The current controversy also highlights a politically problematic feature of CICIG’s status. The Guatemalan government and the UN Secretariat decided that CICIG would not report to the United Nations. Although the UN secretary general names the commissioner of CICIG under the accord, and the UN has helped with staffing and with mobilizing and managing financing for the commission, CICIG is not part of the UN and its head does not formally answer to anyone. This is an arrangement that should probably not be repeated, although it has saved CICIG from the excessive political and bureaucratic machinations brought by any multilateral organization.

The current constitutional crisis is also important because it threatens the stability of Guatemala’s post-war democracy and because it may embolden corrupt regimes elsewhere. If Morales persists in overriding the Constitutional Court, this will undermine the very institutions that CICIG has sought to strengthen. It could lead to additional authoritarian measures by the executive, open conflict between state agencies, and a menacing climate for general elections in June. This threat has brought thousands into the streets to protest Morales’ actions and support CICIG, while smaller numbers demonstrate to support Morales. Polls show a strong majority (69 percent) of Guatemalans support CICIG, but it remains to be seen whether pro-CICIG sentiment will be strong and organized enough to compel Morales to reverse course.
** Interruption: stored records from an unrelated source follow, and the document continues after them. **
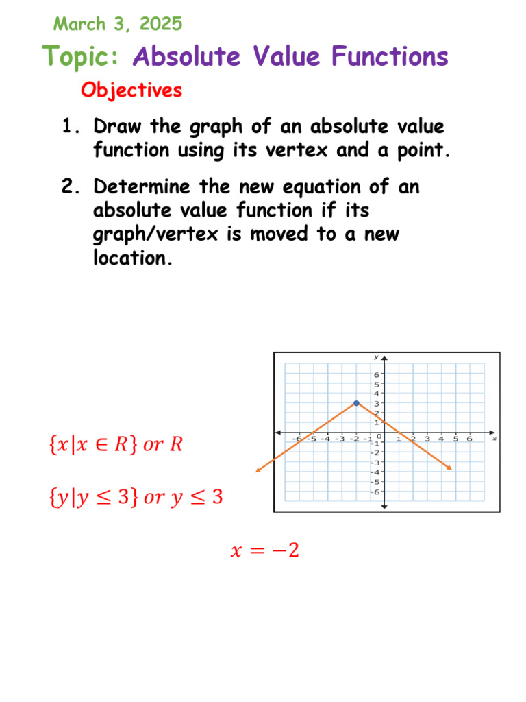 Recall : 𝑓 𝑥 = 𝑎 𝑥 − ℎ + 𝑘, where ℎ, 𝑘 is the vertex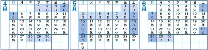 5/1除く毎日 | 4/27~30、 5/1・7~9・ 15・16・22・23、 6/5・6・26~29 |
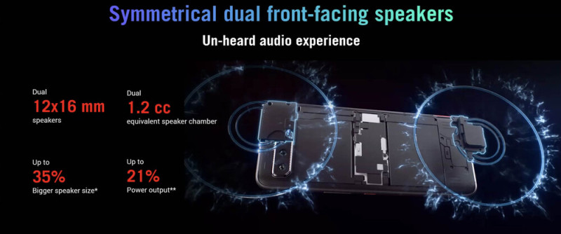 A legdurvább fejlesztéseket a hangrendszer kapcsán végezték. Egyrészt visszakerült a 3,5 mm-es jack csatlakozó (és ezzel együtt egy új, vezetékes headsetet, a ROG Cetra II-t is bemutatták), illetve fogtak egy ESS Sabre Hyperstream II Quad DAC-t, plusz a megkérték a Diracot is, hogy segítsen a hangolásban. A telefonon alul és felül pont ugyanolyan méretű hangszórók vannak (12x16 mm), a kihangosított sztereó áthallást pedig külön hangolgatták, hogy még jobb legyen a térélmény. Erre pedig a haptikus visszajelzést is rátolják, az összhatás pedig vitán felül piacvezető eredményt hoz, a DxOMark audio tesztje szerint ez most a legjobb mobil ebből a szempontból.
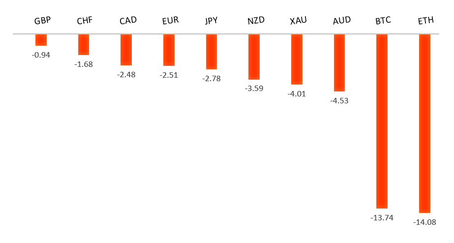 Peformance chart: 30 Day Performance vs. US dollar (%)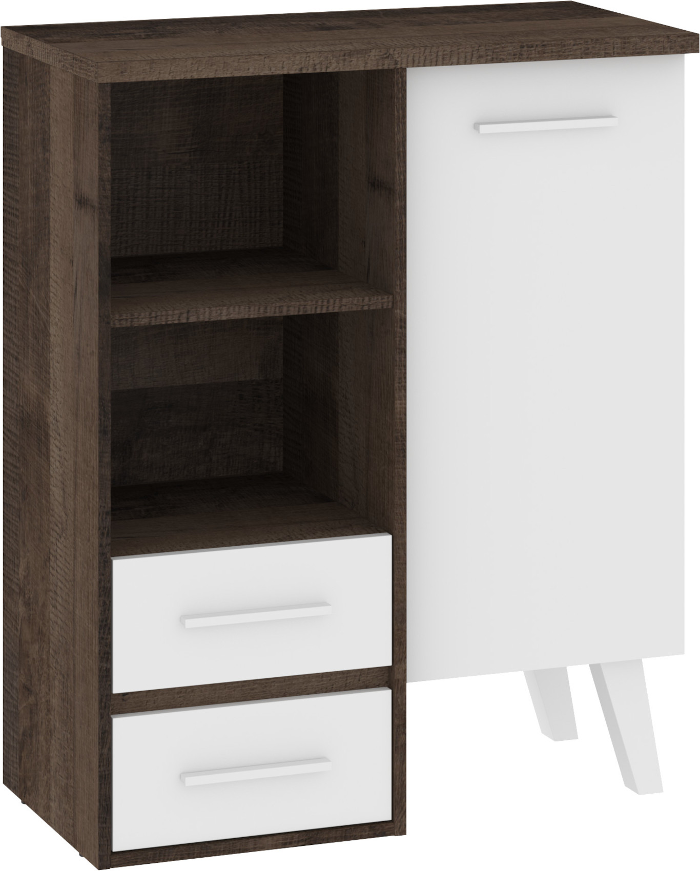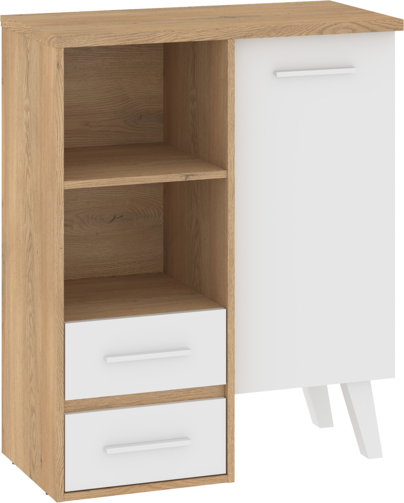 Regál Nordis 10 stylově doplní vaši domácnost. Regál má skříňku s dvířky, 2 zásuvky a 2 prostory, kam si můžete uložit například oblíbené knížky.
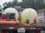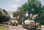 Here are a few more roof cleaning pictures from the Land O Lakes Florida job in Wilderness Lakes Preserve. My Son Jamie Tucker sold this job ! I am soo proud of my boy Our digital camera disappeared from our truck, so we went to a Land O Lakes Walgreens to buy a cheap, disposable camera, so as not to miss this photo opportunity. It is very rare we have both our roof cleaning trucks out working together. Wilderness Lakes is a very nice Pasco County subdivision, and it's residents were very considerate, and stayed out of our way so we could complete our roof cleaning job in a timely manner. Notice both our roof cleaning trucks are almost carbon copies of each other ? Dual 300 gallon roof cleaning chemical tanks, Huge 28 inch Titan Reels with 300 feet of 5/8 hose, and air powered high flow, low pressure chemically resistant pumps. Our trucks are dedicated to one thing, and one thing only, cleaning roofs the best and safest way possible. Sometimes, commercial roof cleaning jobs like these will take every bit of 300 feet of hose, as you can see by the empty 28 inch Titan Hose Reel in one of the pictures.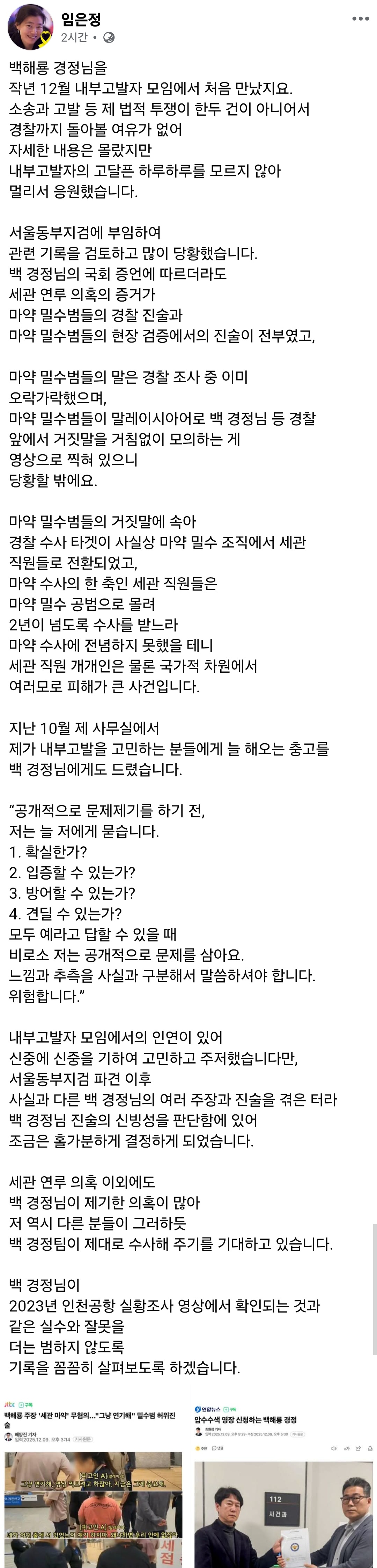 '마약밀수 의혹' 세관 직원들 무혐의…"'수사 외압'도 근거없어"(종합) https://www.yna.co.kr/view/AKR20251209094751004 네.. 이 건은 이제 시마이쳐도 될것 같군요. 세관직원 7명 전원 무혐의. 외압을 행사했다고 의혹이 제기된 경찰공무원 전원 무혐의. 경찰공무원들이나 세관직원들이나 그 누구도 대통령실 관계자와 통화한 사실을 확인하지 못했고 오히려 말레이시아 밀수범들이 말레이시아어로 자기들끼리 대화하면서 경찰 앞에서 허위진술을 지시했던 내용이 녹화된 비디오를 찾아냈다고 하는군요. 백 경정이 문제삼았던 갑작스러운 브리핑 연기와 보도자료 수정 지시 또한 백 경정이 공보규칙상 필요한 서울청 수사부장과 경찰청 국수본 마약계에 사전보고를 하지 않았으며 세관을 압수수색하기 수 시간 전 보도자료 배포와 언론 브리핑을 단행해 수사기밀 유출 우려가 있었기에 경찰 공보규칙에 따른 적법한 업무 지시로 판단했다고 합니다. 그러니까 그냥 마약 밀수범들이 마약을 밀수하다 걸린거지 세관직원이랑 내통을했다거나 하는거랑은 별 상관 없었다... 이런 얘깁니다. 0
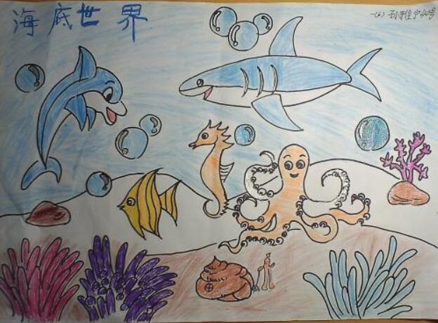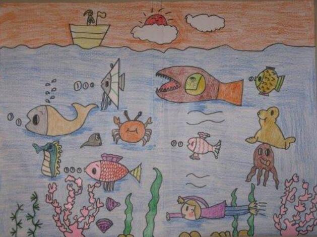 [教案]《美丽的海底世界》幼儿园小班教案 活动目标: 1、欣赏海底世界,感受大海的色彩美。 2、会大胆均匀地涂色,学习用波形海棉棒滚印海水的技能。 3、喜欢美术活动,体验活动中的快乐。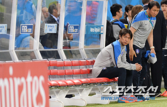 [월드컵포토] 홍명보 감독 '벤치에 한번 앉아 볼까?'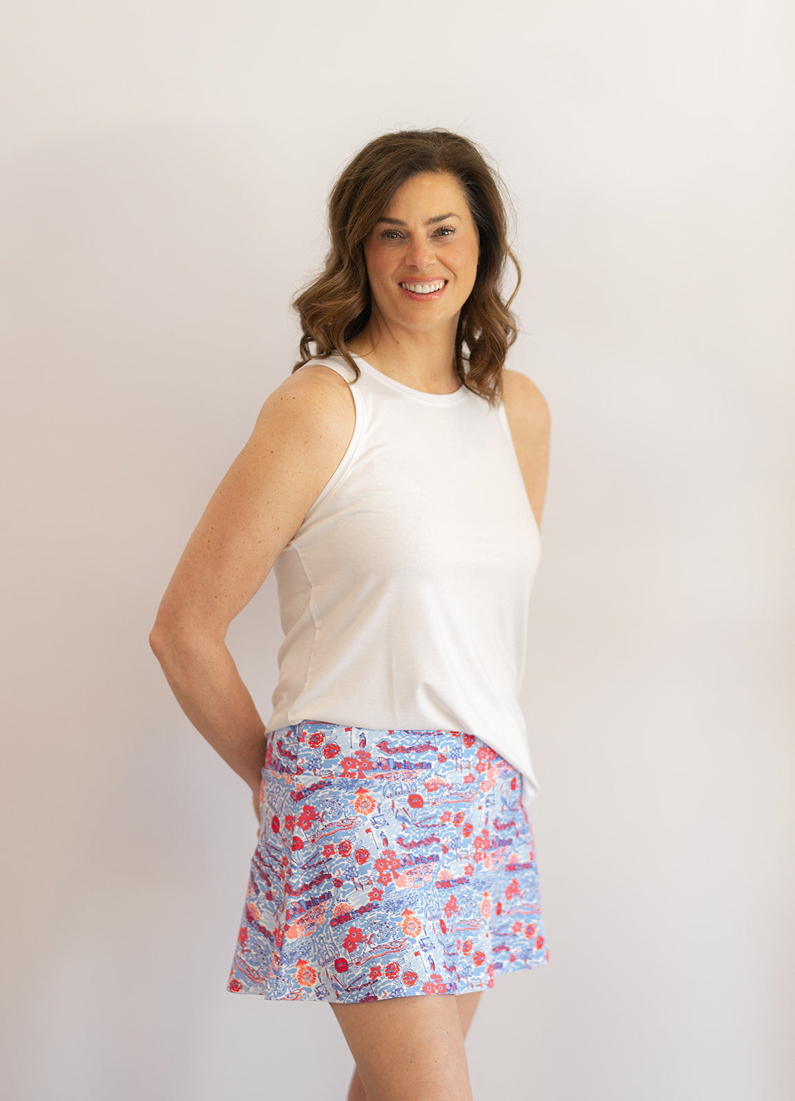13" length skort featuring a 2" waistband. Built-in shorts feature a ball pocket on side. Classic fit is true to size. Skort flares at the bottom for ease of movement. Constructed with Smith & Quinn's signature buttery soft stretch fabric.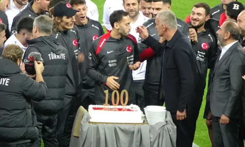 Takım kaptanı Hakan Çalhanoğlu’nun 100. milli maçı için sahanın ortasına pasta getirildi. Türkiye Futbol Federasyonu Başkanı İbrahim Ethem Hacıosmanoğlu, Kocaeli Valisi İlhami Aktaş ve Kocaeli Büyükşehir Belediye Başkanı Tahir Büyükakın da 100. yıl pastası kesilirken milli futbolcuyu yalnız bırakmadı.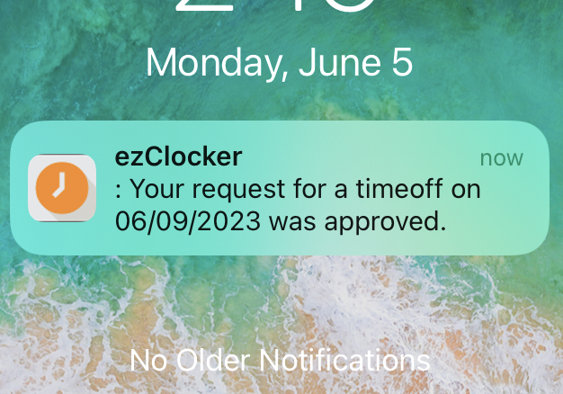 The employer will get a notification on their phone if they have the ezClocker app installed. The notification will look like this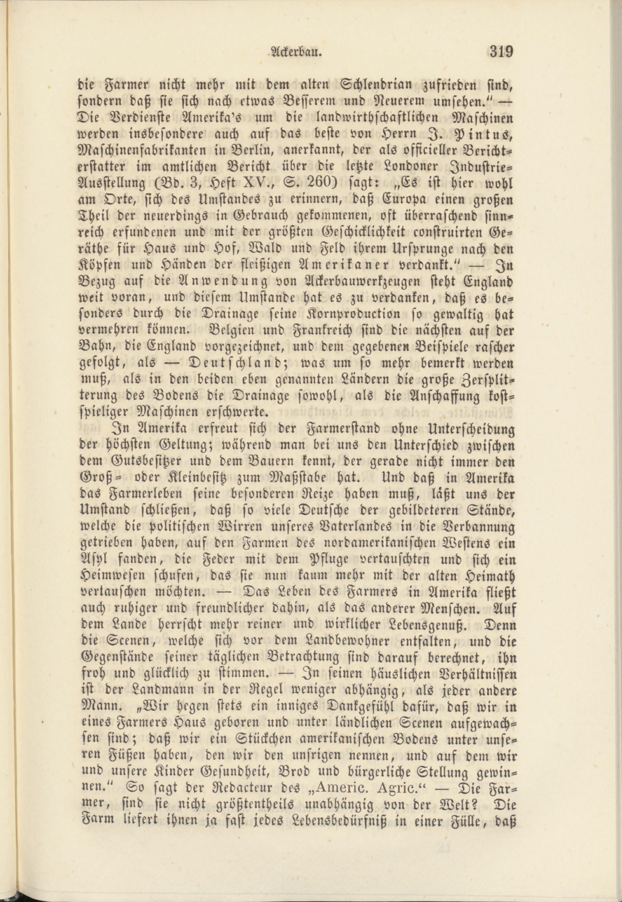 die Farmer nicht mehr mit dem alten Schlendrian zufrieden sind, sondern daß sie sich nach etwas Besserem und Neuerem umsehen." — Die Verdienste Amerika's um die landwirthschaftlichen Maschinen werden insbesondere auch auf das beste von Herrn I. Pintus, Maschinenfabrikanten in Berlin, anerkannt, der als officieller Berichterstatter im amtlichen Bericht über die letzte Londoner Industrie- Ausstellung (Bd. 3, Heft XV., S. 260) sagt: „Es ist hier wohl am Orte, sich des Umstandes zu erinnern, daß Europa einen großen Theil der neuerdings in Gebrauch gekommenen, oft überraschend sinnreich erfundenen und mit der größten Geschicklichkeit construirten Ge- räthe für Haus und Hof, Wald und Feld ihrem Ursprünge nach den Köpfen und Händen der fleißigen Amerikaner verdankt." — In Bezug auf die Anwendung von Ackerbauwerkzeugen steht England weit voran, und diesem Umstände hat es zu verdanken, daß es besonders durch die Drainage seine Kornproduction so gewaltig hat vermehren können. Belgien und Frankreich sind die nächsten auf der Bahn, die England vorgezeichnet, und dem gegebenen Beispiele rascher gefolgt, als — Deutschland; was um so mehr bemerkt werden muß, als in den beiden eben genannten Ländern die große Zersplitterung des Bodens die Drainage sowohl, als die Anschaffung kostspieliger Maschinen erschwerte.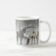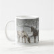 Zwei Pferde in Schneeweide im sanften Schneefall Kaffeetasse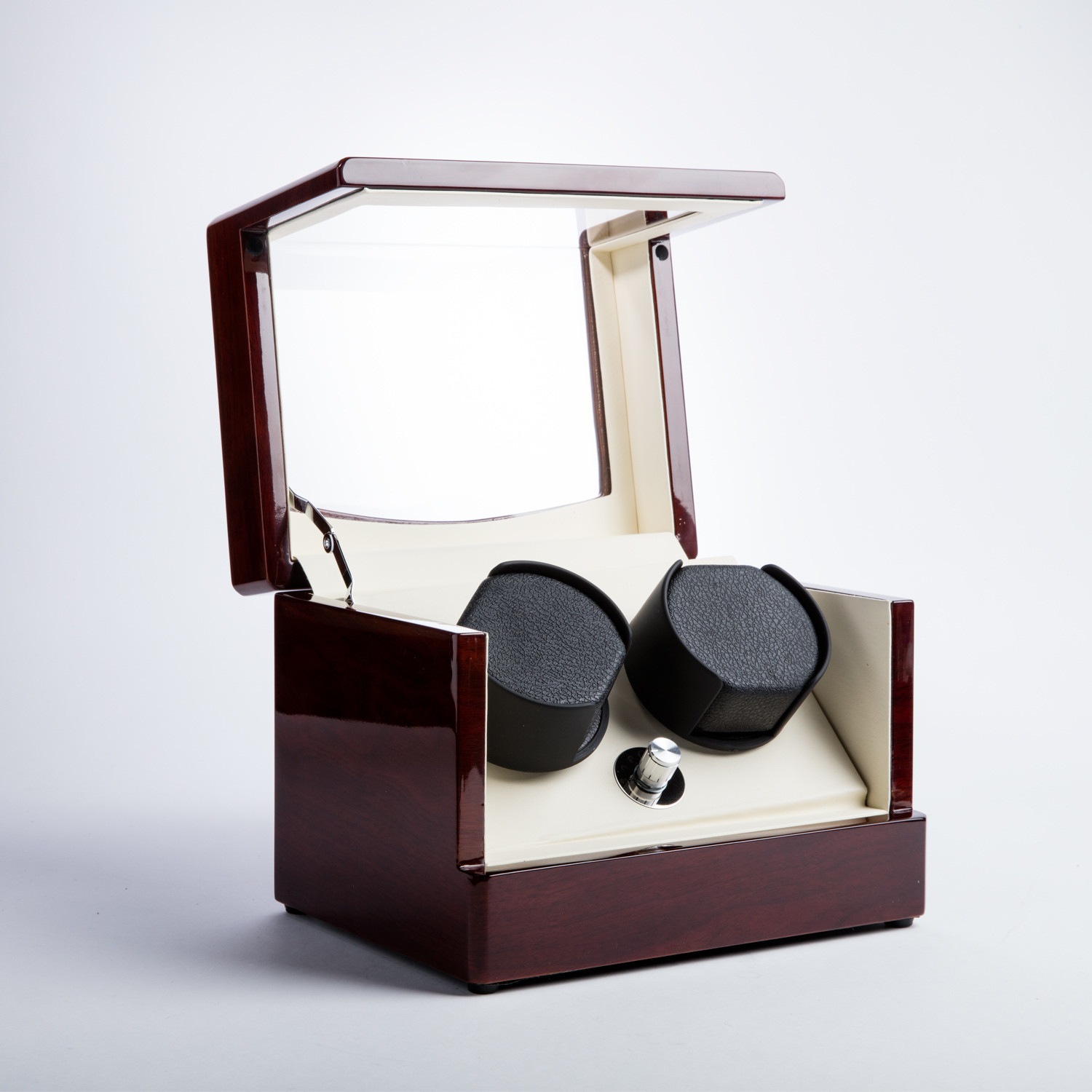 This dark walnut, high gloss watch winder features an ivory leatherette interior. Two independent Japanese motors with five setting rotation controls provide accurate, precision winding. This winder is powered by the supplied 110V AC adapter, and features battery back-up.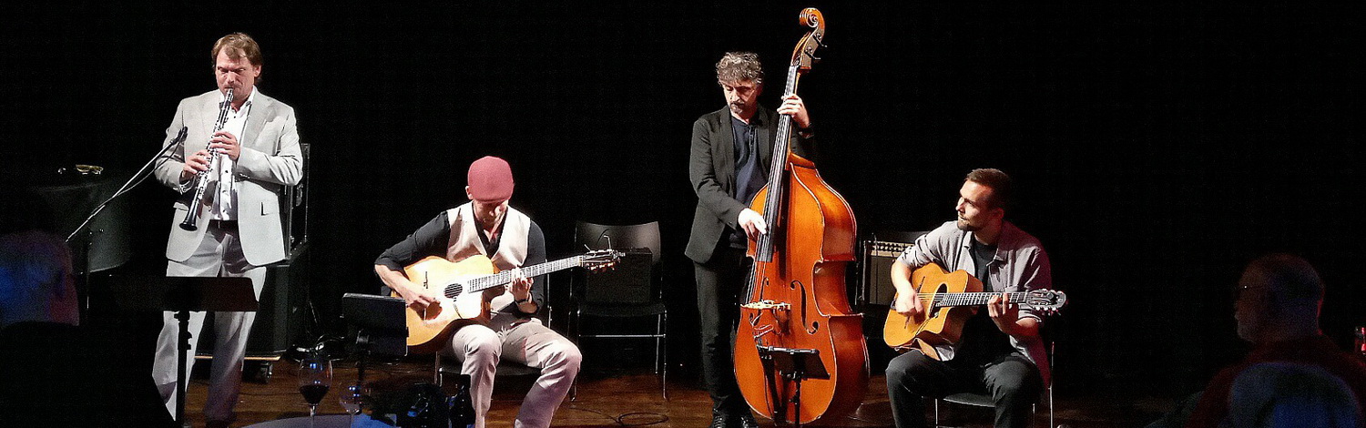 Es war die Ära des Swing, der Ende des Ersten Weltkriegs in den USA entstand und in der vierten Dekade des letzten Jahrhunderts zu einem Massenphänomen wurde. Parallel und passend dazu entstanden viele Tanzstile wie der Charleston, Shag oder Cakewalk. Die Big Bands und Tanzlokale waren richtig hip. Benny Goodman, Duke Ellington oder Glenn Miller sind nach wie vor Ikonen des Swing. Ende der 1920-er Jahre schwappte der Jazzstil über den Großen Teich nach Frankreich. Er entwickelte sich als Variante, Gypsy-Jazz, auch Jazz Manouche oder Sinti-Jazz genannt. Los ging es mit den Brüdern Pierre Joseph „Baro“, Sarane und Jean „Matelo“ Ferret, die den französischen Gesellschaftstanz Valse Musette mit Swingartikulation zu spielen begannen. Berühmtester Vertreter dieser Richtung ist der französische Gitarrist, Komponist und Bandleader Django Reinhardt, der von 1910 bis 1953 lebte.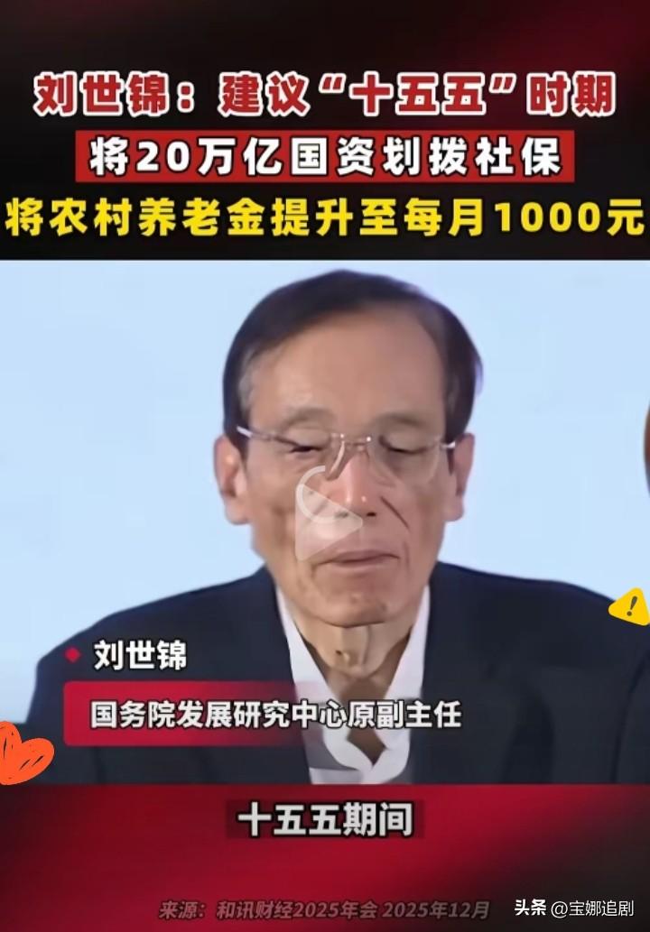 用国资反哺1.26亿农村老人!刘世锦的“两步走”涨养老金方案,真的说到了老百姓心坎里! 现在农村老人每月才200多养老金,刚够糊口,哪有能力消费?而这个方案太实在,划两个十万亿国资进社保,先花三年涨到620元,再两年冲到1000元,既缩小城乡养老差距,又能激活消费。 这可不是单纯发福利,而是双赢的智慧!农村老人消费倾向高,养老金提至1000元预计能拉动1.8万亿GDP,给经济添动力。国资本就该反哺民生,农村老人为国家发展熬了一辈子,晚年能领份体面养老金,既是保障也是心安。 养老有了底,消费才有劲,这才是民生与发展的双向奔赴。大家觉得这个涨养老金方案靠谱吗?养老金调 养老金统一标致

Paradoxically, CICIG’s experience bodes both well and ill for future international efforts to fight impunity and corruption. CICIG’s hybrid approach had the advantage of striking blows against the highest levels of corrupt elites and of incorporating and strengthening national institutions. However, its strategies and its mandate also made the mission politically vulnerable to an executive willing to use authoritarian methods to stymie those same institutions. CICIG’s prosecutorial approach led to its noted successes, yet critics say an approach that does not heed political calculation in preparing sensitive cases may be unsustainable if international diplomatic support waivers. The political risks of CICIG’s campaign finance prosecutions were clear; yet it was just as clear that breaking the tradition of dirty money in campaign finance was central to any long-term strategy to defeat the existing system of impunity.

One lesson is that if the international community is serious about cracking an exclusionary system of governance backed by a corrupt political-economic elite, it must be prepared to provide consistent, materially significant pressures to protect the agents of change. If such support is lacking, the contradictions between an anti-impunity commission based on cooperation between international and domestic actors, and the threats such a commission poses to powerful domestic actors, may be insurmountable. For CICIG and similar efforts to succeed, consistent and convincing domestic and external support will likely be required.

William D. Stanley is a Professor and Director of the Latin American and Iberian Institute at the University of New Mexico. Chuck T. Call is Associate Professor of International Relations at American University’s School of International Service.